Damon: We started working out because we were like, “We gotta get in shape for the movie”—four years before it got made. I remember just feeling like the film moved at such a glacial pace.

Moore: Rob Reiner at Castle Rock said, “Look, you have two movies in this script, and the movies are fighting each other. There’s the thriller aspect of the kids from Southie thwarting the big government agency, and then there’s this really awesome character story about this math genius and his relationship with this shrink. And we don’t think those two can live together.” And to their credit, Castle Rock said, “You guys wrote a great script and you’re the stars of the movie, so we’re putting it to you. You’ve got to pick one.”

Damon: At first we were terrified because we had this 120-to-130-page script, and once we removed the NSA stuff it was 60 pages. We were going, “What’s the movie then? What happens?”

Affleck: It was a complete overhaul.

 

Castle Rock liked the new script, which focused on Will Hunting, but disagreements over who would direct the movie almost torpedoed the project.

Affleck: When the question came up, we would say, “We’ll direct it!” and there would be silence in the room. It was a polite silence, like, “Are you high?” But it was the beginning of my own directorial ambition.

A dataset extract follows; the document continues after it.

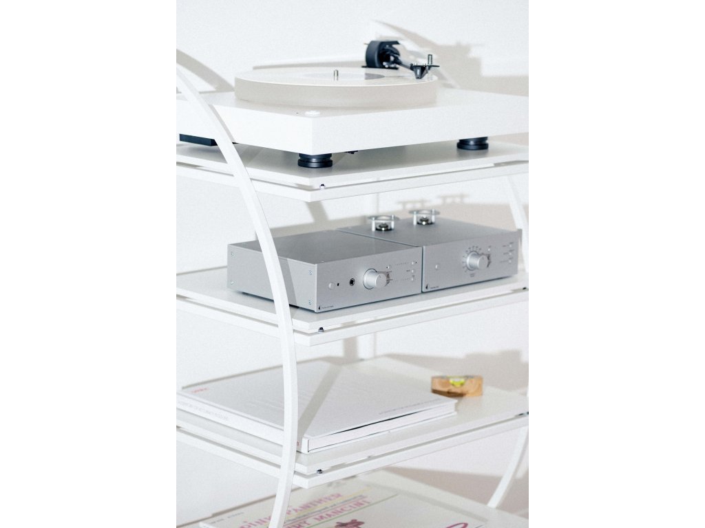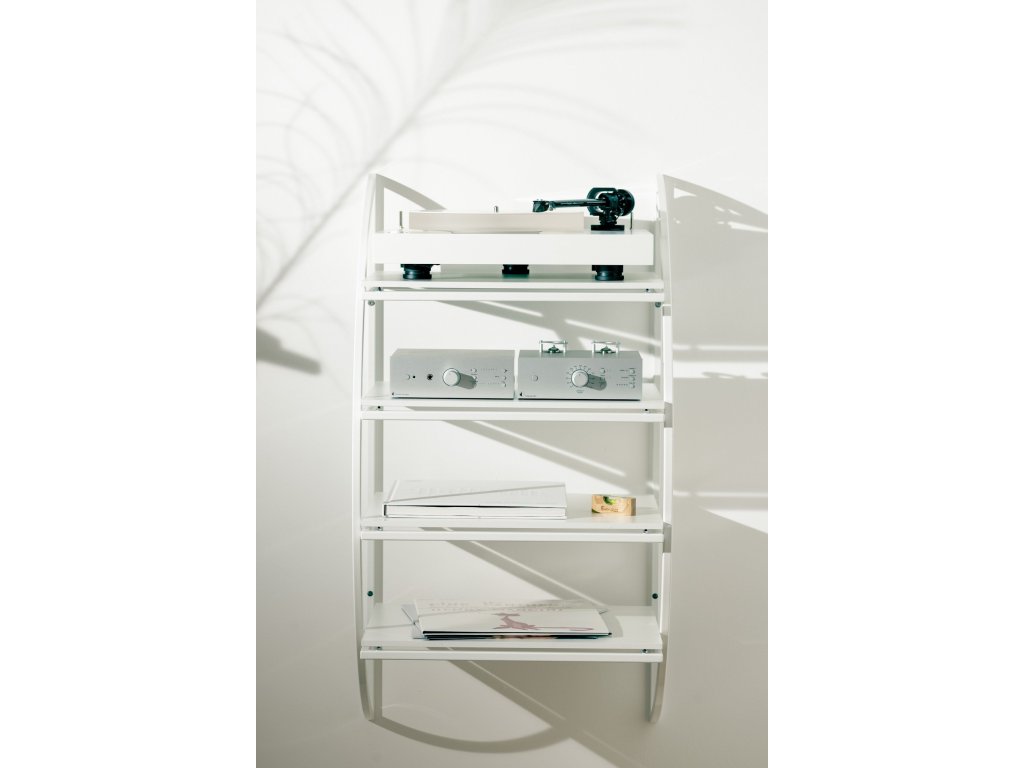 Dôsledne nakonfigurované materiály políc – špeciálne vybrané tuhé drevo nízkej hmotnosti s výškovo nastaviteľnými hrotmi poskytnú optimálnu podporu pre vaše Hi-Fi zariadenia. Výškovo nastaviteľné hroty na pevnej oceľovej konštrukcii umožňujú dokonalé vyváženie gramofónu a zároveň eliminujú väčšinu kročajových vibrácií pôsobiacich z okolia. Výsledkom bude čitateľnejší a presnejší zvuk.

Moore: So Castle Rock, in my opinion, did the right thing, and said, “Okay, we have a creative disagreement. Even though we own the script and we could fire you guys, we’ll give you time to go out and find somebody who will buy your version of the movie. But there’s a price tag: We want to get our money back, and if you can’t find anybody to buy it, when it comes back to us, you guys are not the stars.”

Affleck: They told us that someone else would direct it, rewrite it, act in it, and that we’d be lucky to fucking get invited to a premiere. But instead of scaring us, it kind of emboldened us. Because then we really thought, Fuck this. We’re gonna go out there and do it.

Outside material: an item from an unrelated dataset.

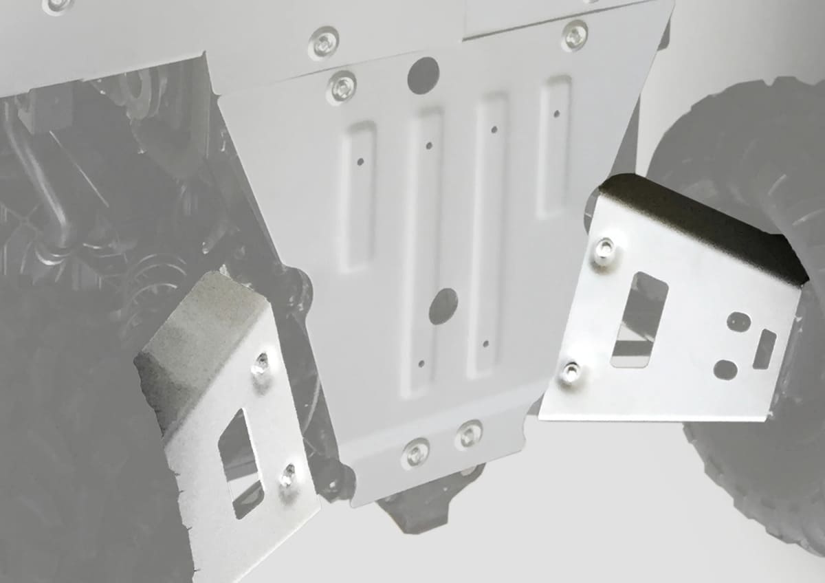 One of the most vulnerable and less protected parts of your Polaris Ranger 570 / 900 / 1000 / Crew / XP is your A-arms and CV joints. But you can protect both with our 5/32'' Marine grade Aluminum A-Arm Protectors. With a high folded front edge that protects your A-Arms from impact and your CV Boots from sticks hitting and tearing and letting dirt in there to wreck the joints. We also have drain holes on the underside to let dirt, grass seed, and sand that has built up to fall out or be washed out. Our A-Arm Guards utilize both factory mounting points and steel brackets to give maximum strength when mounting. We also use a stamping procedure to allow extra strength for the A-Arm Guard and for our high strength bolts to be recessed to allow a flat surface for sliding over any obstacle you might come across on the trail.

Damon: At that point Castle Rock was having us do these rewrites and we were going in circles.

Affleck: We were so frustrated that Castle Rock wasn’t reading the script, so we felt like we had to develop this test. We started writing in screen direction like, “Sean talks to Will and unloads his conscience.” And then: “Will takes a moment and then gives Sean a soulful look and leans in and starts blowing him.”

Damon: They weren’t reading the script closely anymore. It was literally probably a full paragraph about what these two characters were doing to each other.

Affleck: We would turn that in, and they wouldn’t ever mention all those scenes where Sean and Will were jerking each other off.

Damon: Over the following weeks, we went back to meet with all of the studios who had bid on it who we hadn’t gone with, and basically everybody took the meeting just to tell us to go fuck ourselves.

Affleck: We went back to Ted Field at Interscope, who had offered us a million dollars. And then we got in the room with him and he was like, “I’ll tell you why I took this meeting: Because I’m going to tell you I’m going to pass.” I actually used that as inspiration for a scene in Argo. That’s when the dryness started to take hold in the back of the throat. Like we might be cooked.

Damon: Ben gave it to [Chasing Amy director] Kevin Smith and said, “Will you please save us? Will you direct this movie?” And Kevin read the script and was unbelievably kind. I still remember the message. He said, “I wouldn’t dare direct this movie, this is so beautiful.” Kevin went in personally to Harvey Weinstein’s office at Miramax and handed him the script, and basically said, “Drop everything you’re doing right now and read this.”